# Please help with Kobo



## cleee (May 15, 2009)

Sigh....

A friend from out of state got a Kobo for Christmas. She has Windows 7 on her computer and what started out as true excitement for being able to read ebooks has turned her into a very frustrated person.

I am trying to help her via email and it's getting to me. She's not tech savvy which makes this more challenging.

The person who bought it for her got it at Borders. She said there is some kind of Borders app that she put on her computer, created an account with them and downloaded a book. But every time she tries to Sync she gets a message that it is unable to sync her account and to try again later.

This has been repeating since yesterday and I'm out of ideas. People on other forums are talking about stripping DRM, using Adobe Digital Editions to do something and my head is spinning. Is it really this complicated? I have Kindles and an iPad and I download a book, drag it to the device and I'm up and running. She's not going to understand the concept of conversion or whatever. She just wants to buy books and read them with ease.

Is the Kobo somehow different? Sorry if I sound frustrated. I've been emailing back and forth all day and am just so tired.


----------



## Jeff (Oct 28, 2008)

Maybe this link will help:

http://www.kobobooks.com/happyholidays


----------



## cleee (May 15, 2009)

Thanks for the link. For some reason all I could find was a quick start guide and it wasn't very helpful. I pasted the drag and drop instructions into an email and told her to try that. Hopefully that'll work. 

Thanks again.


----------



## PG4003 (Patricia) (Jan 30, 2010)

Don't they have a customer service phone number?


----------



## cleee (May 15, 2009)

PG4003 (Patricia) said:


> Don't they have a customer service phone number?


Is that a rhetorical question? Geez, I figured with this being a board for discussing other branded ereaders that someone may have had this issue and could post how they solved it.

I also took into account that my friend is very non tech savvy and would be intimidated calling them and following spoken direction so I thought "Hey, let me ask on Kindleboards. A lot of folks there have different ereaders. Maybe this is common and someone can tell me how they solved the issue."

In any case, I was able to walk her through getting to work.


----------



## Betsy the Quilter (Oct 27, 2008)

Cleee-

I'm glad you were able to help her get it to work. 

As for asking about a customer support number, my experience has been that customer support is always worth giving a try. 

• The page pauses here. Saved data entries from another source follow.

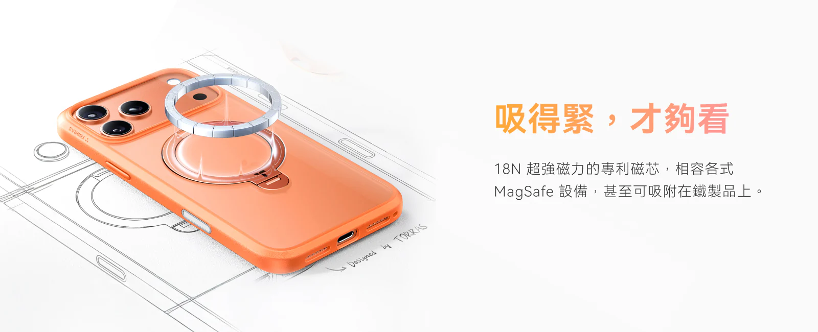 - 18N超強磁力,相容各式MagSafe卡包、行動電源、充電盤,亦可吸附於冰箱等鐵製品之上
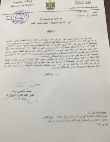 بالوثيقة.. توجيه حكومي بتحويل ٣٠ الف درجة وظيفية الى عقود وزارية في البصرة
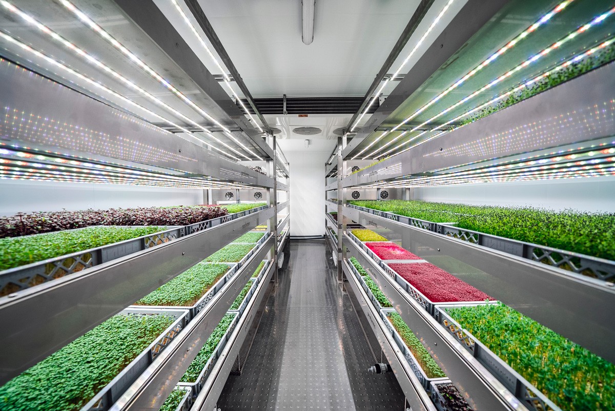 Nach den Wachstumsphasen in den separaten Keim- und Wachstumscontainern lagern wir die fertigen Produkte in einer Kühlzelle, bis sie von Händlern an die Gastronomiebetriebe ausgeliefert werden. Die Pflänzchen sind gekühlt rund drei Wochen ab Werk haltbar.
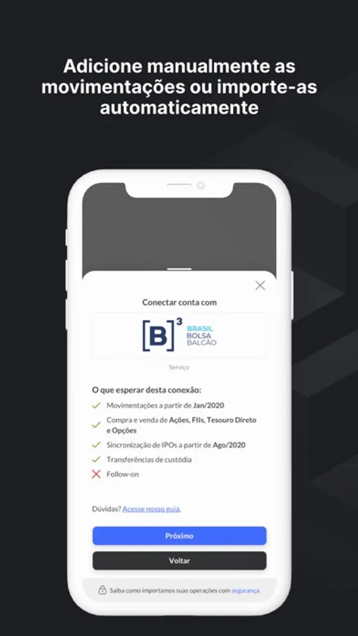 - Cadastro de ativos intuitivo para lançamentos manuais na sua carteira
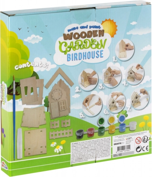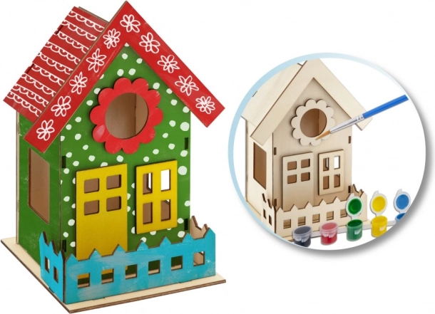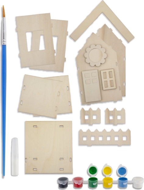 Creați-vă propriul colțișor pentru păsări cu acest set creativ. Căsuța pentru păsări din lemn 3D se asamblează ușor și se decorează cu vopselele incluse. Pachetul conține căsuță din lemn, 6 culori, adeziv și pensulă – tot ce aveți nevoie pentru creații distractive în grădină sau acasă.
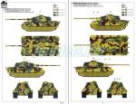 All tanks shown in the profiles wear the standard German tricolor camouflage with variations (speckled, applied since August 1944, or not, before that date). One of them sports a winter white wash. For a change, only two of the four tanks wear a Zimmerit coating.
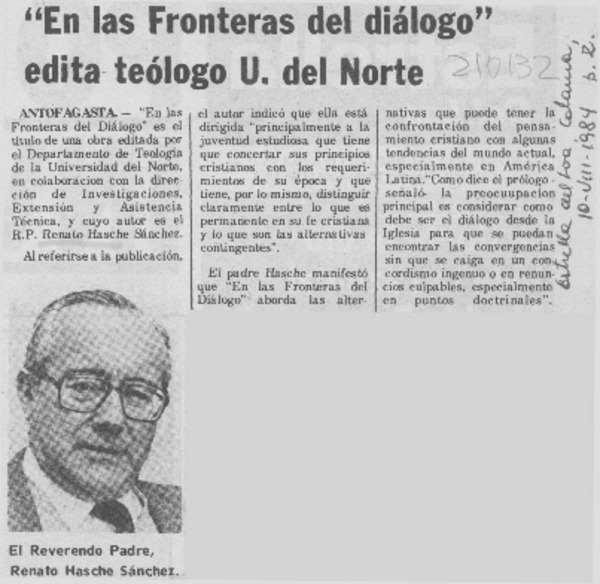 "En las fronteras del diálogo" edita teólogo U. del Norte [artículo].

This is KindleBoards, and while yes, we do have many members with other ereaders, the number of Kobo owners hanging out here who have had problems with their reader is, naturally, likely to be very small compared to the number of people calling Kobo itself with problems.  So, it's much more likely that Kobo itself would already have an answer to this issue.

In addition, the company won't know there's a problem with their documentation that needs fixing if no one tells them.  

Even with Kindle questions, we generally recommend that people with problems call customer support.

Good job on getting your friend straightened out!

Betsy


----------



## Jeff (Oct 28, 2008)

You're so nice, Betsy.


----------



## Betsy the Quilter (Oct 27, 2008)

Ho, ho, ho.


Been meaning to tell you I like your avatar!

Betsy


----------



## Jeff (Oct 28, 2008)

Not as creative as yours.


----------